Very often we want to extract only certain (named) values from a list, purrr provides a shortcut for this operation - if instead of a function you provide either a character or numeric vector, those values will be used to sequentially subset the elements being iterated.

purrr::map_chr(sw_people, "name") %>% head()
[1] "Luke Skywalker" "C-3PO"          "R2-D2"          "Darth Vader"   
[5] "Leia Organa"    "Owen Lars"     
purrr::map_chr(sw_people, 1) %>% head()
[1] "Luke Skywalker" "C-3PO"          "R2-D2"          "Darth Vader"   
[5] "Leia Organa"    "Owen Lars"     
purrr::map_chr(sw_people, list("films", 1)) %>% head(n=10)
 [1] "http://swapi.co/api/films/6/" "http://swapi.co/api/films/5/"
 [3] "http://swapi.co/api/films/5/" "http://swapi.co/api/films/6/"
 [5] "http://swapi.co/api/films/6/" "http://swapi.co/api/films/5/"
 [7] "http://swapi.co/api/films/5/" "http://swapi.co/api/films/1/"
 [9] "http://swapi.co/api/films/1/" "http://swapi.co/api/films/5/"

Length coercion?

purrr::map_chr(sw_people, list("starships", 1))
Error in `purrr::map_chr()`:
ℹ In index: 2.
Caused by error:
! Result must be length 1, not 0.
sw_people[[2]]$name
[1] "C-3PO"
sw_people[[2]]$starships
NULL
purrr::map(sw_people, list("starships", 1)) %>% head(n = 3) %>% str()
List of 3
 $ : chr "http://swapi.co/api/starships/12/"
 $ : NULL
 $ : NULL
purrr::map_chr(sw_people, list("starships", 1), .default = NA) %>% head()
[1] "http://swapi.co/api/starships/12/" NA                                 
[3] NA                                  "http://swapi.co/api/starships/13/"
[5] NA                                  NA                                 

manual unnesting

  • how many starships does each character have?
(chars = tibble(
  name = purrr::map_chr(sw_people, "name"),
  starships = purrr::map(sw_people, "starships")
))
# A tibble: 87 × 2
   name               starships
   <chr>              <list>   
 1 Luke Skywalker     <chr [2]>
 2 C-3PO              <NULL>   
 3 R2-D2              <NULL>   
 4 Darth Vader        <chr [1]>
 5 Leia Organa        <NULL>   
 6 Owen Lars          <NULL>   
 7 Beru Whitesun lars <NULL>   
 8 R5-D4              <NULL>   
 9 Biggs Darklighter  <chr [1]>
10 Obi-Wan Kenobi     <chr [5]>
# … with 77 more rows
chars %>%
  mutate(n = map_int(starships, length))
# A tibble: 87 × 3
   name               starships     n
   <chr>              <list>    <int>
 1 Luke Skywalker     <chr [2]>     2
 2 C-3PO              <NULL>        0
 3 R2-D2              <NULL>        0
 4 Darth Vader        <chr [1]>     1
 5 Leia Organa        <NULL>        0
 6 Owen Lars          <NULL>        0
 7 Beru Whitesun lars <NULL>        0
 8 R5-D4              <NULL>        0
 9 Biggs Darklighter  <chr [1]>     1
10 Obi-Wan Kenobi     <chr [5]>     5
# … with 77 more rows
  • much more efficient if you only need a subset of the columns to be “unnested”

Exercises

Exercise 1

draw_points = function(n) {
  list(
    x = runif(n, -1, 1),
    y = runif(n, -1, 1)
  )
}
  • Use the function above to draw n = 1000 points from a box of area 4. Save your output as an object called points.
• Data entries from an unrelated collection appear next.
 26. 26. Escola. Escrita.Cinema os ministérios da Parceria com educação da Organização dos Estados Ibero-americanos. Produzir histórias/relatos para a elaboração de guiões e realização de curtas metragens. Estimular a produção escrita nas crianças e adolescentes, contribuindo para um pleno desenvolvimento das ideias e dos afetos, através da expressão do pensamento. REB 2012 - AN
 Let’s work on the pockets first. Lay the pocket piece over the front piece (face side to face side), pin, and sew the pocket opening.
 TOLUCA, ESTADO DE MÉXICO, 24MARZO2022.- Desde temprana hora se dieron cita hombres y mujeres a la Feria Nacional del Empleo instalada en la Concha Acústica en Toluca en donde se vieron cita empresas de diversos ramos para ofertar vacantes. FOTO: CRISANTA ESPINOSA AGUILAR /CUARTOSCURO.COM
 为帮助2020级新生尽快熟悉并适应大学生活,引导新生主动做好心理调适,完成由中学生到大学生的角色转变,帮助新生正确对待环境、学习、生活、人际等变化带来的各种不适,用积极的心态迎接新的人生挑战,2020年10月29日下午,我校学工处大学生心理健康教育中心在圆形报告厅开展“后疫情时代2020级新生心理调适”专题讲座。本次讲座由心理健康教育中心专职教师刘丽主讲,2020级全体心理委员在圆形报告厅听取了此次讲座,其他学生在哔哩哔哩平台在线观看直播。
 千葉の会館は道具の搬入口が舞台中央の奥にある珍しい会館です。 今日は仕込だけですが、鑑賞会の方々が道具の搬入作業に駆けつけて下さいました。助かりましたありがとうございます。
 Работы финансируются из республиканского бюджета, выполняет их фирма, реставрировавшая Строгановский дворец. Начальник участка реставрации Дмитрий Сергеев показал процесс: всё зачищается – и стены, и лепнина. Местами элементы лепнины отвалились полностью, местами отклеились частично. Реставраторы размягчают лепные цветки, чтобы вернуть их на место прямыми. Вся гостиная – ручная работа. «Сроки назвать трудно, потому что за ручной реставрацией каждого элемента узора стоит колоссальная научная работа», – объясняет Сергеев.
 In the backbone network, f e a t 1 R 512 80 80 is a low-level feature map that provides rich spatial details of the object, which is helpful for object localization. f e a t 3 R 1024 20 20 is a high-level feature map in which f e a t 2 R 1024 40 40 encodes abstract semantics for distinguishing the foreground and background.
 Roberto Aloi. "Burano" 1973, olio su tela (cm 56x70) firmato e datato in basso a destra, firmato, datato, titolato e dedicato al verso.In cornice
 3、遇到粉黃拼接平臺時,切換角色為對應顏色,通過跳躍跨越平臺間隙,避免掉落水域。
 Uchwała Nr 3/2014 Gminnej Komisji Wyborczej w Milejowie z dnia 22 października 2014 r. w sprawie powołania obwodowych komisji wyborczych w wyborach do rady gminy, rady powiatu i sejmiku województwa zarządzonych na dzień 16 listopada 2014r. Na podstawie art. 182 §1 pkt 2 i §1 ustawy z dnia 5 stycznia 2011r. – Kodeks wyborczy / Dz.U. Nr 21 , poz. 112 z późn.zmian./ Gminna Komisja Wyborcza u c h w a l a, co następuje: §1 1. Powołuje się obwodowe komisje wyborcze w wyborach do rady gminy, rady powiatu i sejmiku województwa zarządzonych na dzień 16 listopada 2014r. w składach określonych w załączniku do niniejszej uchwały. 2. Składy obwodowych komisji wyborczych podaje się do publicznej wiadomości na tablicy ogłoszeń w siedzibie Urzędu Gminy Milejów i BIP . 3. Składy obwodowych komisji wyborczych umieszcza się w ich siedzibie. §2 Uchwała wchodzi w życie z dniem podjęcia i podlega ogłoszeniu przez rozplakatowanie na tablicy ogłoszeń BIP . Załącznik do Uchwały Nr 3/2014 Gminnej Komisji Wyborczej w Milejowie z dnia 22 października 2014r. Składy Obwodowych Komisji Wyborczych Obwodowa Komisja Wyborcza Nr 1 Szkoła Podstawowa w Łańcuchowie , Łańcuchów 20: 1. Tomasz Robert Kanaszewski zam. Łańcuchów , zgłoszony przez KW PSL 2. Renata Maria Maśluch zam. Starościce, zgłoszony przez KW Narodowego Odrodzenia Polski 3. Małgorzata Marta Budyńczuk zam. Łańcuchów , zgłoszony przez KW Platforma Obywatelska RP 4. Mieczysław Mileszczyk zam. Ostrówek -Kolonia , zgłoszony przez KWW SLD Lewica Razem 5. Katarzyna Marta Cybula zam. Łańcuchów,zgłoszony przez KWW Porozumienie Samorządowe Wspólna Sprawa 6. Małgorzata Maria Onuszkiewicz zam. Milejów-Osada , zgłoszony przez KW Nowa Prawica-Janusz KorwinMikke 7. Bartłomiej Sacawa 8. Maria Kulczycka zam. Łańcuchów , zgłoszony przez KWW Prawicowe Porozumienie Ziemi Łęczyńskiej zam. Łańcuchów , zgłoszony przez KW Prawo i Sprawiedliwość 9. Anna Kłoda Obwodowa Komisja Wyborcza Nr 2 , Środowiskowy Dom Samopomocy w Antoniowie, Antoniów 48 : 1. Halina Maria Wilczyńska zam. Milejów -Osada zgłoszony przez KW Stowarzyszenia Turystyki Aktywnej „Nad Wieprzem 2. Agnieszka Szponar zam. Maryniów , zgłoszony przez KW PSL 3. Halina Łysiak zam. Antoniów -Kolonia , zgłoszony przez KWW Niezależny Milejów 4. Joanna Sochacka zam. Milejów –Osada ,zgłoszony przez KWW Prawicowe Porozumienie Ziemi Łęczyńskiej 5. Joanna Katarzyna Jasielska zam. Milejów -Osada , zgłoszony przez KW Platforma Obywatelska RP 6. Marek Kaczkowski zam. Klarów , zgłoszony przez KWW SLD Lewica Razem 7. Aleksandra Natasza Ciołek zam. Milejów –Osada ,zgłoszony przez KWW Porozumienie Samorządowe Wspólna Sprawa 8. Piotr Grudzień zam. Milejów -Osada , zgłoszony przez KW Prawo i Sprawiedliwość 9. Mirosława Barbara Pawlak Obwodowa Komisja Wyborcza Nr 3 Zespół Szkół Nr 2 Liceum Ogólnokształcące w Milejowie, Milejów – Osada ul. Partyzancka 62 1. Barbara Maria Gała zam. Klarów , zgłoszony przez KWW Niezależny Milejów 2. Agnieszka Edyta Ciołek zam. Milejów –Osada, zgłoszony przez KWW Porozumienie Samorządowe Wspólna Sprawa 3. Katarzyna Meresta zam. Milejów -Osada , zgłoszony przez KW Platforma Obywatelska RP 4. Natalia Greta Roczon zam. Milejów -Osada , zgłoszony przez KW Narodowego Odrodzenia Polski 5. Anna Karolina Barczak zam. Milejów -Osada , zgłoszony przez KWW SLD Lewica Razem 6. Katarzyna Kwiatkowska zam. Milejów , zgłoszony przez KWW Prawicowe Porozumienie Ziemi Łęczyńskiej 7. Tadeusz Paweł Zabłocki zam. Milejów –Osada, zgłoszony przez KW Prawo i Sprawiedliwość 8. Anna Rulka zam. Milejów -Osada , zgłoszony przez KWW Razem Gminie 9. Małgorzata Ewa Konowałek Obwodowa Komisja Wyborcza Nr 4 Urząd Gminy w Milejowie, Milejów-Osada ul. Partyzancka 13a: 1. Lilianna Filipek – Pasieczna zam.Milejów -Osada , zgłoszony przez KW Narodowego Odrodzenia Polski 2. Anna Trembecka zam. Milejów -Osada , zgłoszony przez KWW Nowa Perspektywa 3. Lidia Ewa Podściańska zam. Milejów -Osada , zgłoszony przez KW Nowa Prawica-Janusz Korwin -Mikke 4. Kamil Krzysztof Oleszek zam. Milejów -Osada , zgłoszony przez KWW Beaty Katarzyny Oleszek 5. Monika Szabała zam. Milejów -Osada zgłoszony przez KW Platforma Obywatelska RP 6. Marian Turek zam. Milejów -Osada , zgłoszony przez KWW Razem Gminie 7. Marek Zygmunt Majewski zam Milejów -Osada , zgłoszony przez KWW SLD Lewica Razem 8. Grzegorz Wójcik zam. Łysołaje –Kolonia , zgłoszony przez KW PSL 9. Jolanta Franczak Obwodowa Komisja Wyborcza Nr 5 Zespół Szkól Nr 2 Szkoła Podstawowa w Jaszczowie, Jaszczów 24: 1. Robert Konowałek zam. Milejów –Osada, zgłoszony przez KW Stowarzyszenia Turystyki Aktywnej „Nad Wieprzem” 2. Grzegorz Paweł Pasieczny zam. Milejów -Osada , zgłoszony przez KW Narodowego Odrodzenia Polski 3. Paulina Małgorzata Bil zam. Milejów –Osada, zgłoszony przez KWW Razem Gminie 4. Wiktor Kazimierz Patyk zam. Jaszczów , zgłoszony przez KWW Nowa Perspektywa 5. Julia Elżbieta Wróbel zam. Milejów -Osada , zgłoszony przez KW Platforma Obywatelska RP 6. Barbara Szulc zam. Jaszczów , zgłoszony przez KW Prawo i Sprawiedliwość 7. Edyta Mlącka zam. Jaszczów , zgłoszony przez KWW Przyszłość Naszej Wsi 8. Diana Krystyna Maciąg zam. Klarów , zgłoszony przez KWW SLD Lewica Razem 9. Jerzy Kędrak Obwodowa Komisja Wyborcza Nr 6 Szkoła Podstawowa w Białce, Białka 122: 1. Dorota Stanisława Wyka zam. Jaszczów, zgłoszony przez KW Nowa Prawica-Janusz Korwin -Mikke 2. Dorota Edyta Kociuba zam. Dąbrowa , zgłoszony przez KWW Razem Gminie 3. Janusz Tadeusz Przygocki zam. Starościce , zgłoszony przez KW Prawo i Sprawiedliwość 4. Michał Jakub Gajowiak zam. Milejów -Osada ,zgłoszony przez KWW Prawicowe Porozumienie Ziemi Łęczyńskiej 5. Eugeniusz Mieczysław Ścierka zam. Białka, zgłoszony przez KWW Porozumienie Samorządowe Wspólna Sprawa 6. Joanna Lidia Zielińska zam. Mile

  • Use map or an appropriate version to determine which points \((x, y)\) are within the unit circle centered at the origin.

  • What proportion of points are within the unit circle?

  • Can you approximate \(\pi\) like this? How?

  • How can you make your estimate more precise?

Exercise 2

Use mtcars and a single map or map variant to

  • get the type of each variable

  • get the fourth row such that result is a character vector

  • compute the mean of each variable

  • compute the mean and median for each variable such that the result is a data frame with the mean values in row 1 and the median values in row 2.